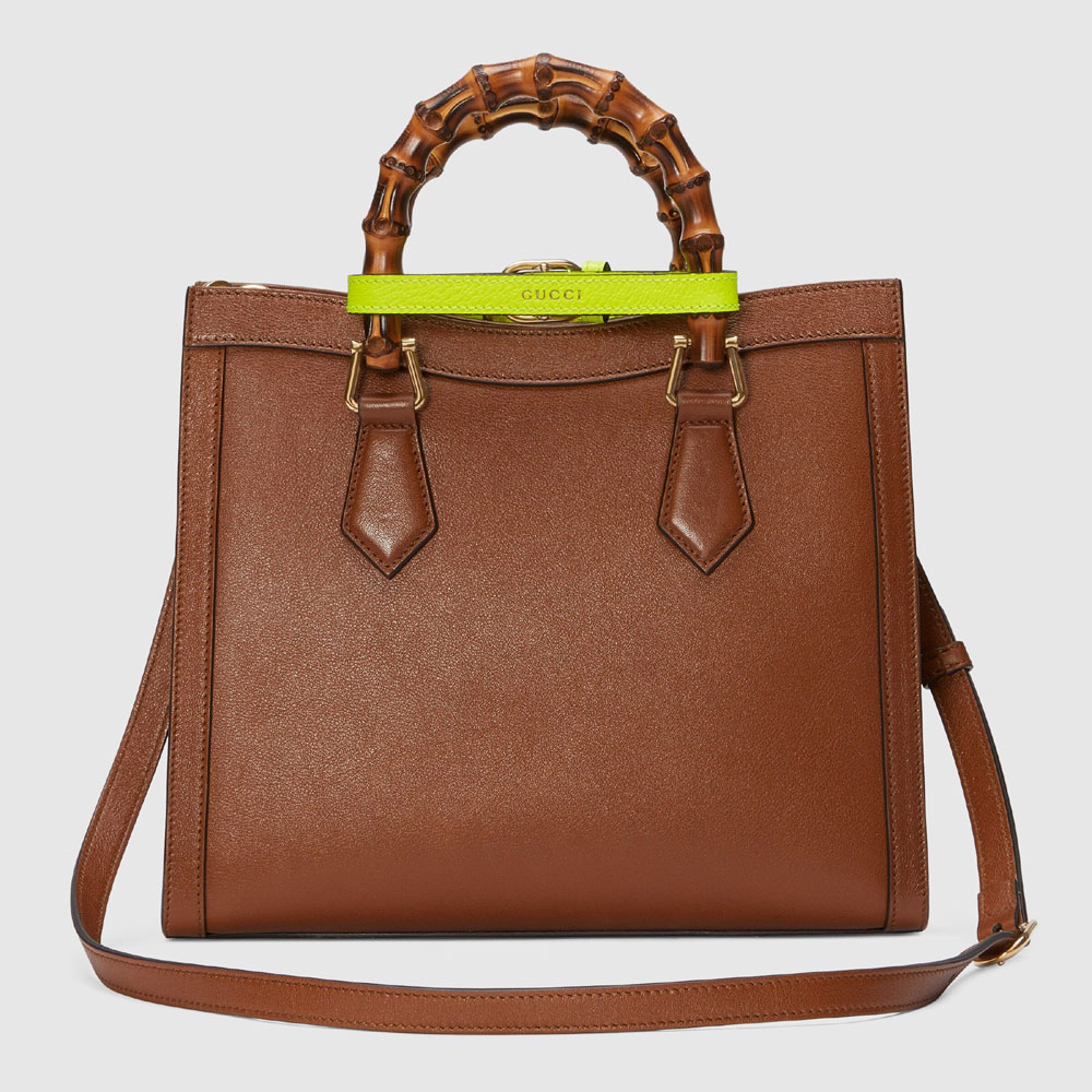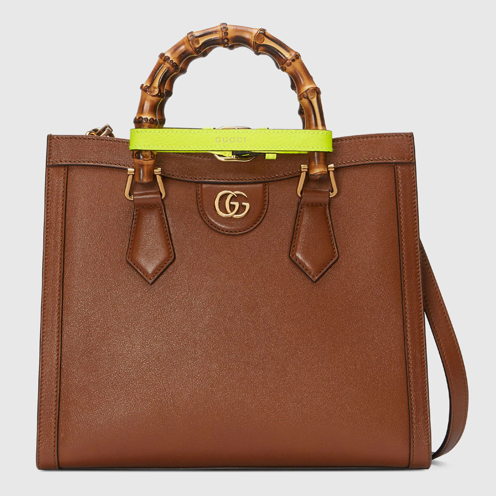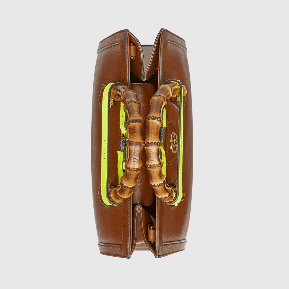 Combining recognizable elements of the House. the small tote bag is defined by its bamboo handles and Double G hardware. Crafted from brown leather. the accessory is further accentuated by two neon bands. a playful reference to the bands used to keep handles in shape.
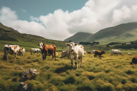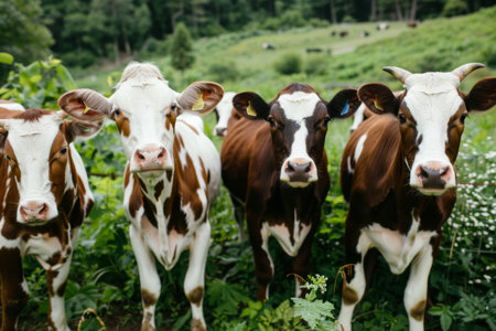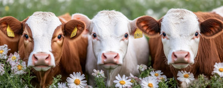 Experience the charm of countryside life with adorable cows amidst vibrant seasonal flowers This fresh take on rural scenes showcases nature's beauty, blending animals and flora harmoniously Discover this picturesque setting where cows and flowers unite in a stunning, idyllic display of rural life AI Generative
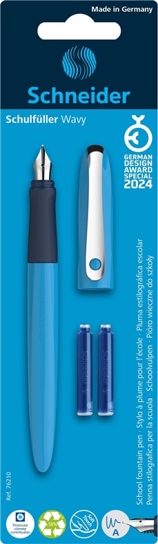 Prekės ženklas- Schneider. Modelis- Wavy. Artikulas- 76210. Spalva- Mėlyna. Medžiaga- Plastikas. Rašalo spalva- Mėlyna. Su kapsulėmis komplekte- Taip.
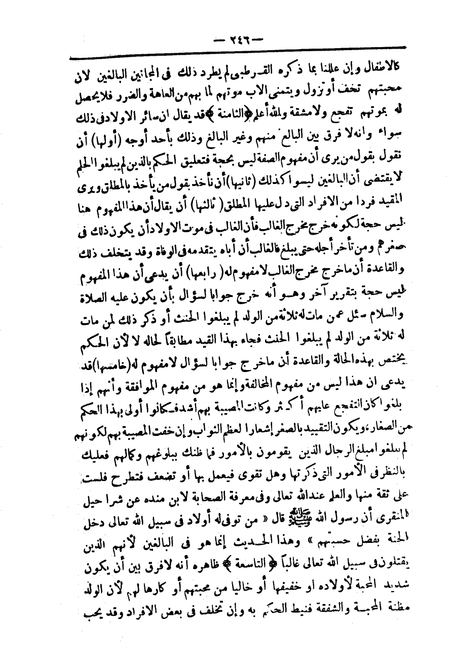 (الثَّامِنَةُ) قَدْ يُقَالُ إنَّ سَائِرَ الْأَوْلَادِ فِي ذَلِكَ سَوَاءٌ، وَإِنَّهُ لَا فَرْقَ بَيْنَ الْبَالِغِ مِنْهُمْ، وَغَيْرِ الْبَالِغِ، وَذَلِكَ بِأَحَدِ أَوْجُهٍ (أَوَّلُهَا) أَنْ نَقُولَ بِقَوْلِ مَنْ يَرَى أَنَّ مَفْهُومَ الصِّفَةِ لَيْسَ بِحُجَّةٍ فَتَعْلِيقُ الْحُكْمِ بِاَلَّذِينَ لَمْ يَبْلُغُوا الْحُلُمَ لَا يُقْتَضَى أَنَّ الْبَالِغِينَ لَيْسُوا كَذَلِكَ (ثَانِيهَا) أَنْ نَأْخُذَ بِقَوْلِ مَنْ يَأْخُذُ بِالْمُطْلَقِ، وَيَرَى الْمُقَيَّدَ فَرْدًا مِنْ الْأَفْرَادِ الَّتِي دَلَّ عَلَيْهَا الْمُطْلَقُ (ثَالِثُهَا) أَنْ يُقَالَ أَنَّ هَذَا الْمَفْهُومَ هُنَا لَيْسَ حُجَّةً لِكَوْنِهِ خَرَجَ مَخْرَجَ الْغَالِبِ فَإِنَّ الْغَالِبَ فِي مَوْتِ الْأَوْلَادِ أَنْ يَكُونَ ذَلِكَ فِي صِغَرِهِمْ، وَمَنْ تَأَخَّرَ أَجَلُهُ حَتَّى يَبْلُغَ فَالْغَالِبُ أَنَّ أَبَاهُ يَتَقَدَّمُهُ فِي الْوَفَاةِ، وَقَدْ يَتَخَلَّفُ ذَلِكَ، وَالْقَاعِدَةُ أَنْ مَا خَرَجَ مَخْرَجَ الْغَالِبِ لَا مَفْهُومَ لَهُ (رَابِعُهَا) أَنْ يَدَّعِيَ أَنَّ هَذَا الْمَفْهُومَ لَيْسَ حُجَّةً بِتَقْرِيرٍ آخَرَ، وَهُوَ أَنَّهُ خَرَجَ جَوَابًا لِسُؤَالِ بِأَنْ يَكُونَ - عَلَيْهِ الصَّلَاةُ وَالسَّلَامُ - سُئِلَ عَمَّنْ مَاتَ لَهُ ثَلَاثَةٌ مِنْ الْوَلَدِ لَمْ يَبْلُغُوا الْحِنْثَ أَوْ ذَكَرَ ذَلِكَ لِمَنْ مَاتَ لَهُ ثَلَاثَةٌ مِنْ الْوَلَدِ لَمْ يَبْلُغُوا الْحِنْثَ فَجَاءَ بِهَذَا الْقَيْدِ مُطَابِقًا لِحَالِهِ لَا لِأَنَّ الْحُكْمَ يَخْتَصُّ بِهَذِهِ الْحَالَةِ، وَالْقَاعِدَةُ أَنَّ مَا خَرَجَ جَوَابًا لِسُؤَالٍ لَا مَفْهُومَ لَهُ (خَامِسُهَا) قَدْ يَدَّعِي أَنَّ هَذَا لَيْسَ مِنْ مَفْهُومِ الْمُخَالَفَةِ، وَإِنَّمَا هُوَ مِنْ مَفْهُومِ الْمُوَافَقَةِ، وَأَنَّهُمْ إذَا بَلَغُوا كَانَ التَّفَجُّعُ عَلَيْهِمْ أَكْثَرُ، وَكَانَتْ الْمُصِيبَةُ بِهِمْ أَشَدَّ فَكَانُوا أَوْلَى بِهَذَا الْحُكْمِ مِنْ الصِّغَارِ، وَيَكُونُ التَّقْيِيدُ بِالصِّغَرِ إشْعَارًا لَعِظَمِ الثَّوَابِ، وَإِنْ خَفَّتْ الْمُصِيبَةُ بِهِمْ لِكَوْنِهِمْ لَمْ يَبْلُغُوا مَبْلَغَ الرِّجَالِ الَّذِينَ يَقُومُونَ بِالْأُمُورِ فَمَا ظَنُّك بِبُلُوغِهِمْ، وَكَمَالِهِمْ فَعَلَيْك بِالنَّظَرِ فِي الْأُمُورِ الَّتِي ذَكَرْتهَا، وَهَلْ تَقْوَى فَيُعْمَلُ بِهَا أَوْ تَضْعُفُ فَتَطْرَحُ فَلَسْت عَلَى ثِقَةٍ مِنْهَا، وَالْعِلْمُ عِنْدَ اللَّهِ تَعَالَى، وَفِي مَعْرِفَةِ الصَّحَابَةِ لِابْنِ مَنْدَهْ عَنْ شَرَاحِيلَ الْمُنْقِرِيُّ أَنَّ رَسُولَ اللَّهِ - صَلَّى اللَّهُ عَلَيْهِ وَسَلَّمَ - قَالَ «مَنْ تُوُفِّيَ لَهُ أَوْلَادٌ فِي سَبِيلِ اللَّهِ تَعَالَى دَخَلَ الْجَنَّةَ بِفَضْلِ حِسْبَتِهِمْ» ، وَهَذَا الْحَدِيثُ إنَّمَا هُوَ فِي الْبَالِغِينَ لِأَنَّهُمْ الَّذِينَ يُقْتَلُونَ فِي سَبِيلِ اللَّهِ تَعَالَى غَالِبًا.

### TASK STATEMENT
With the pictures removed, copy the data above word for word.

### EXPECTED ANSWER
 Combining recognizable elements of the House. the small tote bag is defined by its bamboo handles and Double G hardware. Crafted from brown leather. the accessory is further accentuated by two neon bands. a playful reference to the bands used to keep handles in shape.
 Experience the charm of countryside life with adorable cows amidst vibrant seasonal flowers This fresh take on rural scenes showcases nature's beauty, blending animals and flora harmoniously Discover this picturesque setting where cows and flowers unite in a stunning, idyllic display of rural life AI Generative
 Prekės ženklas- Schneider. Modelis- Wavy. Artikulas- 76210. Spalva- Mėlyna. Medžiaga- Plastikas. Rašalo spalva- Mėlyna. Su kapsulėmis komplekte- Taip.
 (الثَّامِنَةُ) قَدْ يُقَالُ إنَّ سَائِرَ الْأَوْلَادِ فِي ذَلِكَ سَوَاءٌ، وَإِنَّهُ لَا فَرْقَ بَيْنَ الْبَالِغِ مِنْهُمْ، وَغَيْرِ الْبَالِغِ، وَذَلِكَ بِأَحَدِ أَوْجُهٍ (أَوَّلُهَا) أَنْ نَقُولَ بِقَوْلِ مَنْ يَرَى أَنَّ مَفْهُومَ الصِّفَةِ لَيْسَ بِحُجَّةٍ فَتَعْلِيقُ الْحُكْمِ بِاَلَّذِينَ لَمْ يَبْلُغُوا الْحُلُمَ لَا يُقْتَضَى أَنَّ الْبَالِغِينَ لَيْسُوا كَذَلِكَ (ثَانِيهَا) أَنْ نَأْخُذَ بِقَوْلِ مَنْ يَأْخُذُ بِالْمُطْلَقِ، وَيَرَى الْمُقَيَّدَ فَرْدًا مِنْ الْأَفْرَادِ الَّتِي دَلَّ عَلَيْهَا الْمُطْلَقُ (ثَالِثُهَا) أَنْ يُقَالَ أَنَّ هَذَا الْمَفْهُومَ هُنَا لَيْسَ حُجَّةً لِكَوْنِهِ خَرَجَ مَخْرَجَ الْغَالِبِ فَإِنَّ الْغَالِبَ فِي مَوْتِ الْأَوْلَادِ أَنْ يَكُونَ ذَلِكَ فِي صِغَرِهِمْ، وَمَنْ تَأَخَّرَ أَجَلُهُ حَتَّى يَبْلُغَ فَالْغَالِبُ أَنَّ أَبَاهُ يَتَقَدَّمُهُ فِي الْوَفَاةِ، وَقَدْ يَتَخَلَّفُ ذَلِكَ، وَالْقَاعِدَةُ أَنْ مَا خَرَجَ مَخْرَجَ الْغَالِبِ لَا مَفْهُومَ لَهُ (رَابِعُهَا) أَنْ يَدَّعِيَ أَنَّ هَذَا الْمَفْهُومَ لَيْسَ حُجَّةً بِتَقْرِيرٍ آخَرَ، وَهُوَ أَنَّهُ خَرَجَ جَوَابًا لِسُؤَالِ بِأَنْ يَكُونَ - عَلَيْهِ الصَّلَاةُ وَالسَّلَامُ - سُئِلَ عَمَّنْ مَاتَ لَهُ ثَلَاثَةٌ مِنْ الْوَلَدِ لَمْ يَبْلُغُوا الْحِنْثَ أَوْ ذَكَرَ ذَلِكَ لِمَنْ مَاتَ لَهُ ثَلَاثَةٌ مِنْ الْوَلَدِ لَمْ يَبْلُغُوا الْحِنْثَ فَجَاءَ بِهَذَا الْقَيْدِ مُطَابِقًا لِحَالِهِ لَا لِأَنَّ الْحُكْمَ يَخْتَصُّ بِهَذِهِ الْحَالَةِ، وَالْقَاعِدَةُ أَنَّ مَا خَرَجَ جَوَابًا لِسُؤَالٍ لَا مَفْهُومَ لَهُ (خَامِسُهَا) قَدْ يَدَّعِي أَنَّ هَذَا لَيْسَ مِنْ مَفْهُومِ الْمُخَالَفَةِ، وَإِنَّمَا هُوَ مِنْ مَفْهُومِ الْمُوَافَقَةِ، وَأَنَّهُمْ إذَا بَلَغُوا كَانَ التَّفَجُّعُ عَلَيْهِمْ أَكْثَرُ، وَكَانَتْ الْمُصِيبَةُ بِهِمْ أَشَدَّ فَكَانُوا أَوْلَى بِهَذَا الْحُكْمِ مِنْ الصِّغَارِ، وَيَكُونُ التَّقْيِيدُ بِالصِّغَرِ إشْعَارًا لَعِظَمِ الثَّوَابِ، وَإِنْ خَفَّتْ الْمُصِيبَةُ بِهِمْ لِكَوْنِهِمْ لَمْ يَبْلُغُوا مَبْلَغَ الرِّجَالِ الَّذِينَ يَقُومُونَ بِالْأُمُورِ فَمَا ظَنُّك بِبُلُوغِهِمْ، وَكَمَالِهِمْ فَعَلَيْك بِالنَّظَرِ فِي الْأُمُورِ الَّتِي ذَكَرْتهَا، وَهَلْ تَقْوَى فَيُعْمَلُ بِهَا أَوْ تَضْعُفُ فَتَطْرَحُ فَلَسْت عَلَى ثِقَةٍ مِنْهَا، وَالْعِلْمُ عِنْدَ اللَّهِ تَعَالَى، وَفِي مَعْرِفَةِ الصَّحَابَةِ لِابْنِ مَنْدَهْ عَنْ شَرَاحِيلَ الْمُنْقِرِيُّ أَنَّ رَسُولَ اللَّهِ - صَلَّى اللَّهُ عَلَيْهِ وَسَلَّمَ - قَالَ «مَنْ تُوُفِّيَ لَهُ أَوْلَادٌ فِي سَبِيلِ اللَّهِ تَعَالَى دَخَلَ الْجَنَّةَ بِفَضْلِ حِسْبَتِهِمْ» ، وَهَذَا الْحَدِيثُ إنَّمَا هُوَ فِي الْبَالِغِينَ لِأَنَّهُمْ الَّذِينَ يُقْتَلُونَ فِي سَبِيلِ اللَّهِ تَعَالَى غَالِبًا.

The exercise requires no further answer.